§ **Directions for this task**
After finding the line with "Томат и авокадо" in the data below, set down exactly each line through the one with "2. Вы можете", inclusive, and stop there.

§ **Material for the task**
§
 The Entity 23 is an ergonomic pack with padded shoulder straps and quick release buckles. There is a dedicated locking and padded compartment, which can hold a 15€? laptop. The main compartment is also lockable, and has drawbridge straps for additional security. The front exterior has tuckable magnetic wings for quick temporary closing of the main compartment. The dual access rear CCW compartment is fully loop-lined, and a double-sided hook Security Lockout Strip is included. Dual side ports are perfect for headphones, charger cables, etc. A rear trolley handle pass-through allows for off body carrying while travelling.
§
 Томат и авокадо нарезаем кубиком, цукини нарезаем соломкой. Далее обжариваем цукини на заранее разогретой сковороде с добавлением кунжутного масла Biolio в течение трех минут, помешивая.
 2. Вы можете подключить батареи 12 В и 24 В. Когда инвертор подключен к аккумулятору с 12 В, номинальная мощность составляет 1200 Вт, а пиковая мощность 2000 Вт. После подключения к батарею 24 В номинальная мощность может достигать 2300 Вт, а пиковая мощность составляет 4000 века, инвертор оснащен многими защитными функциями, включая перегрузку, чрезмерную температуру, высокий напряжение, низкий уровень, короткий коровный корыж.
§
§ **Solution for this exercise**
 Томат и авокадо нарезаем кубиком, цукини нарезаем соломкой. Далее обжариваем цукини на заранее разогретой сковороде с добавлением кунжутного масла Biolio в течение трех минут, помешивая.
 2. Вы можете подключить батареи 12 В и 24 В. Когда инвертор подключен к аккумулятору с 12 В, номинальная мощность составляет 1200 Вт, а пиковая мощность 2000 Вт. После подключения к батарею 24 В номинальная мощность может достигать 2300 Вт, а пиковая мощность составляет 4000 века, инвертор оснащен многими защитными функциями, включая перегрузку, чрезмерную температуру, высокий напряжение, низкий уровень, короткий коровный корыж.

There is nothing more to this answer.